売れっ子の流行作家・本木雅弘は、妻・深津絵里を旅行先のバス事故で突然失う。

当日の夜も妻の惨事を知らず、愛人を抱いており、急な別れに涙1つさえ流れない。

孤独に事実を受け止める虚しい日々の最中、同じバス事故で妻を失ったトラック運転手・竹原ピストと知り合い、ひょんな事から彼の幼い息子&娘の面倒を見る機会を設け、絆を深めていく物語。

本木雅弘はどこまでも上から目線でイヤミったらしいヤな奴なのに対し、竹原ピストルはどこまでも無骨で裏表が無いイイ奴だ。

仕事も環境も価値観も総て対照的な二人だが、唯一の共通点は、《愛する家族への想いは、いつまでも不器用》ってぇ事である。

周りの仕事仲間にも、亡くした妻にも、勿論、遺された子供達にも。。。

事故をキッカケに、居なくなった妻と向き合い、家族とは何かを問いながら、お互いの心に大きく空いた穴を埋めていく。
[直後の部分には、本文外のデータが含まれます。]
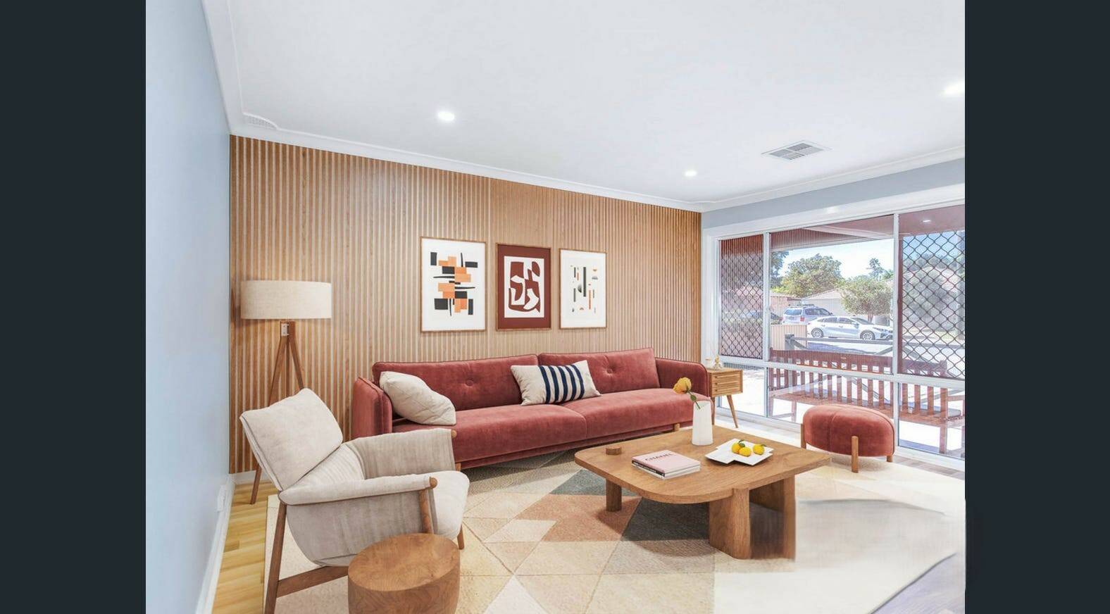 Bright living room with modern cladding feature wall

特に、本木雅弘は進学で悩む竹原の長男を見守るうちに、幼少時の自分と重ねている様に思え、親とも似た愛情が芽生え、歪んだ性根に温もりを戻していく過程が愛しい。

一方、生前の妻の留守電を涙ながらに聴き、ウジウジと感傷に浸る竹原ピストルの泣き顔にも同様の共感を覚える。

忘れたいけど忘れてはいけないジレンマが様々な葛藤を生み、擦れ違いを繰り返した末、ゆっくり強めた絆を、互いの涙と笑顔で認め合う。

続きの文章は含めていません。